The Globe is a media partner of WE Charity.
Ms. Proteau said the Finance Minister’s staff and department officials “engaged with the WE organization” on the April 9 proposal. Mr. Morneau’s is one of three ministers’ offices that had discussions with WE about a proposal in April that they all said was unrelated to the Canada Student Service Grant.
The charity also discussed the April 9 proposal with Diversity, Inclusion and Youth Minister Bardish Chagger, her spokesperson Danielle Keenan said. And staff in International Trade and Small Business Minister Mary Ng’s office also discussed a proposal with the charity in April, her spokesperson Ryan Nearing said.
Asked to clarify what the proposal was about, Mr. Nearing said he had “nothing to add.”
At the finance committee’s Tuesday meeting to study the controversy, Privy Council Clerk Ian Shugart told MPs both Mr. Trudeau and Mr. Morneau would need to be involved in such a major program decision in spite of concerns of conflicts of interest. But he stressed that he was not making a judgment on whether they should have recused themselves from the final decision.
“I could not imagine how the Prime Minister and the Minister of Finance could not have been involved as part of this process,” Mr. Shugart said. “This was a fundamental policy issue for the government,” he added, pointing to the scale of the program as the reason why the two senior Liberals needed to be aware of it.
NDP MP Peter Julian called his comments surprising, and asked whether that means Mr. Shugart believes “there’s a limit to where the conflict of interest code would apply.”
In the House of Commons on Tuesday, Conservative Leader Andrew Scheer accused Mr. Trudeau of trying to “hide behind” the public service in an effort to avoid “tough questions about the relationship with an organization that paid members of his family cash.”

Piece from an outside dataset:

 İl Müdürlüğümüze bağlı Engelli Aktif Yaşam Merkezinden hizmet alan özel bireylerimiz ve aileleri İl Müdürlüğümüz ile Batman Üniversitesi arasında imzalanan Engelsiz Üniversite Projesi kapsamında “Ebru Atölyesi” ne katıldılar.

Mr. Trudeau defended the spirit of the program and noted that he has apologized for not removing himself from the cabinet decision.

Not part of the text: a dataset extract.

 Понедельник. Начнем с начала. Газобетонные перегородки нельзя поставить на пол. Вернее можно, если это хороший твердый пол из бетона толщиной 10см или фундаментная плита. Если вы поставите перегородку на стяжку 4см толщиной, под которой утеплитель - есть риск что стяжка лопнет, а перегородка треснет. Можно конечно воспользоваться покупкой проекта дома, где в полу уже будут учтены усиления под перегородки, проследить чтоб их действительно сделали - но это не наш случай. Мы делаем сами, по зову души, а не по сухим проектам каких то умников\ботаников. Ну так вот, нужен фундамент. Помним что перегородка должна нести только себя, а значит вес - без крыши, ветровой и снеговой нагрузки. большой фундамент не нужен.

“Of course, as I apologized for, I should have recused myself because of the connection with my family,” Mr. Trudeau replied. “But that does not take away from the fact that the public service recommended that organization.”
Yet Rachel Wernick, the senior public servant who made the recommendation, told the finance committee last week that she did so after a conversation with Finance Department officials, including Michelle Kovacevic, a Finance Canada assistant deputy minister. Ms. Kovacevic is scheduled to appear Wednesday at the same time as Mr. Morneau.

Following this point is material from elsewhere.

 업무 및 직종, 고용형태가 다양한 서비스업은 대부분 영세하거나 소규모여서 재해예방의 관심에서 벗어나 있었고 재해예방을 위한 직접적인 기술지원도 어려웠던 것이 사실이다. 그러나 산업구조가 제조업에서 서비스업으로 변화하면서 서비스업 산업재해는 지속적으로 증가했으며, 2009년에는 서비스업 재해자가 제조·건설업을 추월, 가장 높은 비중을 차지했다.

At the finance committee’s Tuesday meeting, Mr. Shugart was asked by Conservative MP Pierre Poilievre whether anyone in the public service raised “any red flags” regarding the finances of WE Charity before the issue went before cabinet.
“The answer, as far as I am aware, is no,” said Mr. Shugart, who also said outsourcing programs is normal in government.
Mr. Shugart pledged that he would approve the release of all related communications involving political staff in the Prime Minister’s Office and the Finance Minister’s office and their interactions with the public service. He was then asked whether he would provide recordings of private video-conference discussions related to WE.
“If there is such a thing, we can provide all of that. My intention … is to be expansive as possible in the information we provide to the committee,” he said.
Mr. Shugart also pledged to release the contribution agreement between the federal government and WE Charity. He said a version of the CSSG will still go ahead, but that “it will, without question, be less than was envisaged through the third party delivery of the program.”
Chris Aylward, national president of the Public Service Alliance of Canada, which is the largest union of federal public servants, said the administration of the program should never have been outsourced. “If the program had been turned over to the public service to organize a delivery system, it is likely students would now be receiving some actual benefit,” he told the committee.